# B & W, action and a sloooww shutterspeed.



## rik6230 (Jan 8, 2008)

I (tried) to move the camera with Paco as he moved and using a slow shutterspeed. (Panning technique) It has to creat a sense of movement :

1 shutterspeed 1/45










2 shutterspeed 1/50










3 shutterspeed 1/60










4 shutterspeed 1/60


----------



## sharlin (Feb 26, 2007)

WOW Rik---those are great. Love #'s 2&3. Good Job.


----------



## TheHooch (May 9, 2007)

Okay I QUIT TAKING PICTURES NOW. Those are excelllent.


----------



## SadieBodean (Mar 28, 2008)

Wow! Amazing photos.


----------



## rik6230 (Jan 8, 2008)

TheHooch said:


> Okay I QUIT TAKING PICTURES NOW. Those are excelllent.

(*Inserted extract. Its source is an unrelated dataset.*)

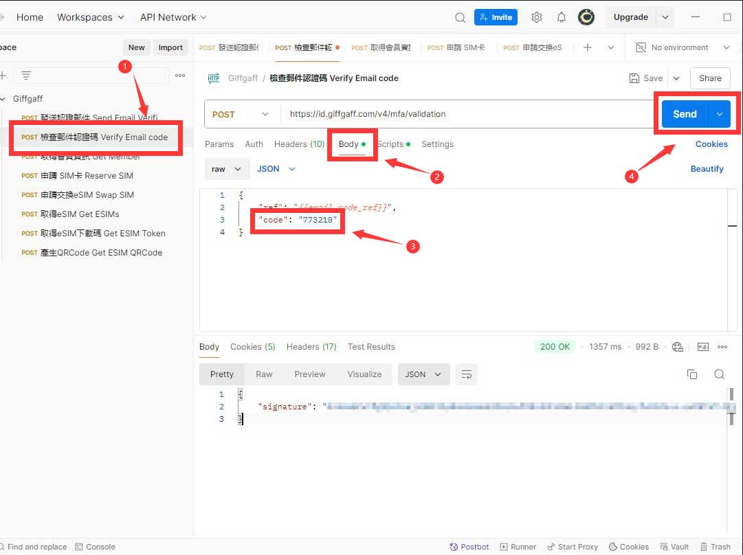 点击左侧列表中的“检查邮件认证码”,然后点击“Body”选项卡,如下图所示将收到的验证码填入"code":后边的双引号内,然后点击“Send”按钮。

Glad you are back Hooch. Take care!!


----------



## TheHooch (May 9, 2007)

rik said:


> Glad your are back Hooch. Take care!!


I am going to do that


----------



## davebeech (Feb 11, 2006)

wow !!! that's some serious stuff, number 3$4 are amazing !!!!


----------



## olik (Apr 13, 2008)

wow! fantastic!


----------



## vrocco1 (Feb 25, 2006)

Unbelievable! Those photos are fantastic!


----------



## LibertyME (Jan 6, 2007)

How _COOL_ is that !?!?!?!?!
Thanks Rik!!


----------



## Montesmom (Jun 9, 2008)

Those are fantastic shots! I bet you could win a photography contest with those! Guess I have to learn to use my camera with the manual settings..LOL


----------



## Hudson (May 18, 2005)

Rik , they are amazing photos!Love your work!


----------



## ShadowsParents (Feb 27, 2007)

Oh wow, those are some GReat pictures. I think #3 is my personal favorite


----------



## GoldenJoyx'stwo (Feb 25, 2007)

They are all, AMAZING!


----------



## Tahnee GR (Aug 26, 2006)

Those are wonderful pictures!


----------



## BeauShel (May 20, 2007)

Those are stunning pictures and Paco looks very intent on getting a big splash. You are an amazing photographer


----------



## Dslats (Mar 1, 2007)

Awesome!!! 

Debbie & Mason


----------



## Pointgold (Jun 6, 2007)

Very cool shots!!!!!


----------



## Heidi36oh (Feb 27, 2007)

Wow, amazing pictures!


----------



## linncurrie (Jan 25, 2008)

Standing applause!! Absolutely awesome work Rik ... you have mastered the technique by keeping the head sharp. Well done!


----------



## Ardeagold (Feb 26, 2007)

Wonderful!!!


----------



## Puppy Zoo (Jan 1, 2008)

Love, Love, Love that last shot!!!


----------



## rik6230 (Jan 8, 2008)

Thank you all 



linncurrie said:


> Standing applause!! Absolutely awesome work Rik ... you have mastered the technique by keeping the head sharp. Well done!


I needed many attempts


----------



## honeysmum (Dec 4, 2007)

Wow they are amazing well done


----------



## Tanyac (Jun 18, 2008)

Love those arial shots, experimenting is definitely the best way to get great photo's, these are really great!


----------



## Lego&Jacub (Jul 18, 2006)

Wow... what interested photos!! You really can create some amazing shots if you know how to go about it!!!


----------



## Debles (Sep 6, 2007)

Very good work. Love the last one.


----------



## dannyra (Aug 5, 2008)

kgghkd those letters were from my jaw hitting the keyboard. Simply amazing. 3 is my favorite.


----------



## uhmanda00 (Aug 3, 2008)

I LOVE #3!! Great Shot!


----------



## Oaklys Dad (Dec 28, 2005)

Fantastic shots. I love the leap shot you captured. The black and white also makes for such dramatic images.


----------



## welshgold (Feb 27, 2007)

Wow! great work Rik! Just as a pointer for the rest of us did you set it on b & w in the camera or did you convert it afterwards in photoshop? Which ever way you did it it's spot on, you've got the shutter speeds just right! 
Taking pics this way is just about the hardest thing to do in photography - if it's not done correctly it'll look awful BUT you seemed to have captured your Golden in action perfectly - great stuff!


----------



## moverking (Feb 26, 2007)

You have the 'TOUCH', Rik! Those are phenomenal shots!
You didn't just capture movement...you caught extreme speed! Go Paco!!!!


----------



## rik6230 (Jan 8, 2008)

Thank you all 



welshgold said:


> Wow! great work Rik! Just as a pointer for the rest of us did you set it on b & w in the camera or did you convert it afterwards in photoshop? Which ever way you did it it's spot on, you've got the shutter speeds just right!
> Taking pics this way is just about the hardest thing to do in photography - if it's not done correctly it'll look awful BUT you seemed to have captured your Golden in action perfectly - great stuff!


I did convert it afterwards. The original is in colour.


----------